A short-term plan to rebuild Turkish Football
Beşiktaş's Victor Ruiz in action during a Süper Lig match against Galatasaray at Türk Telekom Stadium in Istanbul, Sunday, March 15, 2020. (Reuters Photo)


I argue that there is a way to reverse the devastating effects of COVID-19 on Turkish football, and specifically the Süper Lig. I outlined two plans, not to recover but to rebuild the Turkish football and its top league. In this piece, I will discuss the short-term plan, which I think is a necessary tool to head in the right direction for the future of Turkish football.

The immediate effect of the virus has been a near-collapse of the entire football economy. While the clubs still have huge expenses, mainly the wages, there are no longer revenues. Also, the broadcasters, who paid a huge amount of money are now left with nothing. Given the already terrible financial performance of the Turkish clubs, especially the Süper Lig clubs, it is clear they do not have the necessary funds to get through this crisis. Added to that, the clubs cannot ask for more credit from the public banks as the Turkish state has already helped more than enough to save Turkish football, and now has other priorities in a global pandemic. Thus, it is inevitable for Turkish football to completely collapse after this crisis.

However, this does not mean that another decade must pass for Turkish football to revive. The plan I propose has three major points, which can be utilized to ease the rebuilding phase. The first step is implementing a wage limit. I know that this measure contradicts the market economy in which football is also operating, but extraordinary times require extraordinary measures. By implementing a wage limit that is set individually for each club, Turkish clubs would be forced to dump most of their expenses. This is different than already implemented expense limits, which are prone to evasions.
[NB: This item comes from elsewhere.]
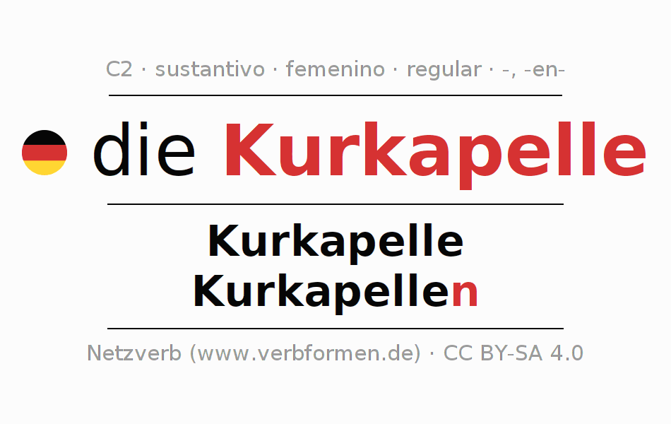 La declinación del sustantivo en forma de tabla con todas su formas: singular, plural y en los cuatro casos: nominativo (primer caso), genitivo (segundo caso), dativo (tercer caso) y acusativo (cuarto caso). Las construcciones gramaticales están representadas de forma clara en una tabla sinópica. La inflexión de los sustantivos es una ayuda durante tareas, exámenes, para cursos de alemán, la universidad, el estudio del alemán como lengua extranjera o como segundo idioma y para estudiantes adultos. La declinación correcta de las palabras es especialmente importante para los que aprenden el idioma alemán. Aquí encontraras más información acerca del tema Wiktionary Kurkapelle y aquí también a través del Duden Kurkapelle.

By limiting the wages, Turkish clubs would be forced to raise players from reserve teams, in contrast to manipulating their expense reports.

As the expenses of the clubs decrease, the need for gigantic broadcasting deals would also cease. If the price of watching Turkish football reduces, clubs might regain their TV fans whose numbers are getting lower every year. Currently, the price/performance ratio of Turkish football, especially the Süper Lig, is not good enough to keep TV fans increasing the number. By lowering the prices and making football more available, Turkish football may change its negative perception among the public, which accrued over years of paying millions to expired stars to play bad football.

Finally, as the first two steps narrows down the Turkish football economy to a controllable size, the Turkish state may step in to stimulate a healthy growth. At this point the investment made would be a safe investment as the biggest potential for manipulation, and wages would be under control. Then, it would be safe to offer generous debt-restructuring programs. Furthermore, the clubs who invest in more young players could be rewarded by tax exemptions, as if they are working for educational purposes. The expenses of the youth teams could be partially covered, as most of the time a professional players’ monthly wage is equal to their yearly expenses.

By applying these three steps, Turkish football would be strictly controlled and sufficiently stimulated. This process would ease the way to a long-term plan, which I will outline in my next piece.